● What is required: Given the entries that follow, write out exactly the lines starting at the one containing "와콤원 CTC-6110WL 중형 블루투스 펜 타블렛" and ending at the one containing "- Gómez, O.;", both ends included, and only those.

● Input for this task:
__________

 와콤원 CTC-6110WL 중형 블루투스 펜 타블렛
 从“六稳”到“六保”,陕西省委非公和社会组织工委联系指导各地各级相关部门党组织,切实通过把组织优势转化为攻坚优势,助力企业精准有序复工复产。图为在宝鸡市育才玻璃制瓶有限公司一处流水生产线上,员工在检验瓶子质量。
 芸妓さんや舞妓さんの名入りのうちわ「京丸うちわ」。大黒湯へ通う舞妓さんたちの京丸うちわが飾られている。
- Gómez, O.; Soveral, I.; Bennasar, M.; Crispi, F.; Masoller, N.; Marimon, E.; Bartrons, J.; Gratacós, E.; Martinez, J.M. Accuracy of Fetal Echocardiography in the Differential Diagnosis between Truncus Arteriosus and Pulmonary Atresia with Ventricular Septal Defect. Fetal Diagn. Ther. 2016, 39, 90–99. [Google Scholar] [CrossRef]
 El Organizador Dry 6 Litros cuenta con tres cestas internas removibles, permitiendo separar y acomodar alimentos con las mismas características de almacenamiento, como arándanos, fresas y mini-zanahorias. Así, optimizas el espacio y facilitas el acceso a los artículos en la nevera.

__________

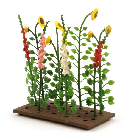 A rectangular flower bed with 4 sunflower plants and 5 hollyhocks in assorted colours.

__________

● Output below:
 와콤원 CTC-6110WL 중형 블루투스 펜 타블렛
 从“六稳”到“六保”,陕西省委非公和社会组织工委联系指导各地各级相关部门党组织,切实通过把组织优势转化为攻坚优势,助力企业精准有序复工复产。图为在宝鸡市育才玻璃制瓶有限公司一处流水生产线上,员工在检验瓶子质量。
 芸妓さんや舞妓さんの名入りのうちわ「京丸うちわ」。大黒湯へ通う舞妓さんたちの京丸うちわが飾られている。
- Gómez, O.; Soveral, I.; Bennasar, M.; Crispi, F.; Masoller, N.; Marimon, E.; Bartrons, J.; Gratacós, E.; Martinez, J.M. Accuracy of Fetal Echocardiography in the Differential Diagnosis between Truncus Arteriosus and Pulmonary Atresia with Ventricular Septal Defect. Fetal Diagn. Ther. 2016, 39, 90–99. [Google Scholar] [CrossRef]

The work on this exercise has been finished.